Рекордсмены запрещенного советского кино (1951-1991) в зеркале кинокритики зрительских мнений | страница 52



Преодолевая штампы зрительского мышления, кинематограф Алексея Германа погружал нас в атмосферу действия не с позиций сторонних наблюдателей, а близких главным героям людей. Режиссер надеялся, что нас будут интересовать не умело закрученная интриги, роковые стечения обстоятельств и счастливый конец, а сам процесс жизни героев, его незавершенность и непоследовательность, отрывистость фраз и бытовая суета, горячие споры и затянувшееся молчание, чей-то мимолетный взгляд и недопетая песня, маленький портрет в черной рамке и шумное веселье праздника, доброта и жестокость, нежность и боль.

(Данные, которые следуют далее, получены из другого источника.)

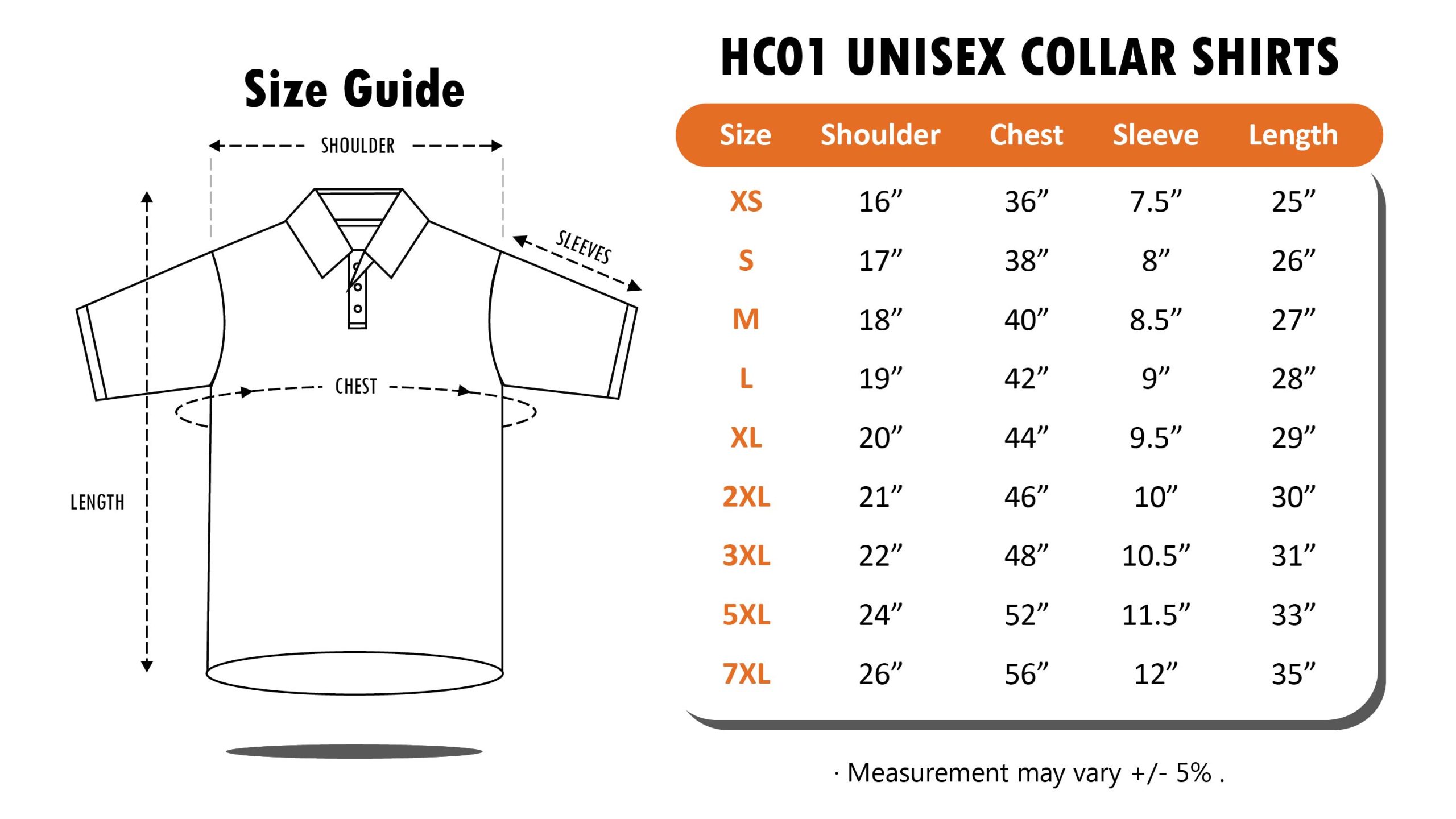 Size | XS, S, M, L, XL, 2XL, 3XL, 5XL, 7XL |

«Проверка на дорогах», по сути, — еще одно испытание нашей зрительской способности воспринимать кино как искусство с большой буквы, требующее труда души, сотворчества, сопричастности, ломки стереотипов.

Понятно, что первые рецензии на фильм «Проверка на дорогах» были опубликованы только в год выхода этой военной драмы на советские экраны.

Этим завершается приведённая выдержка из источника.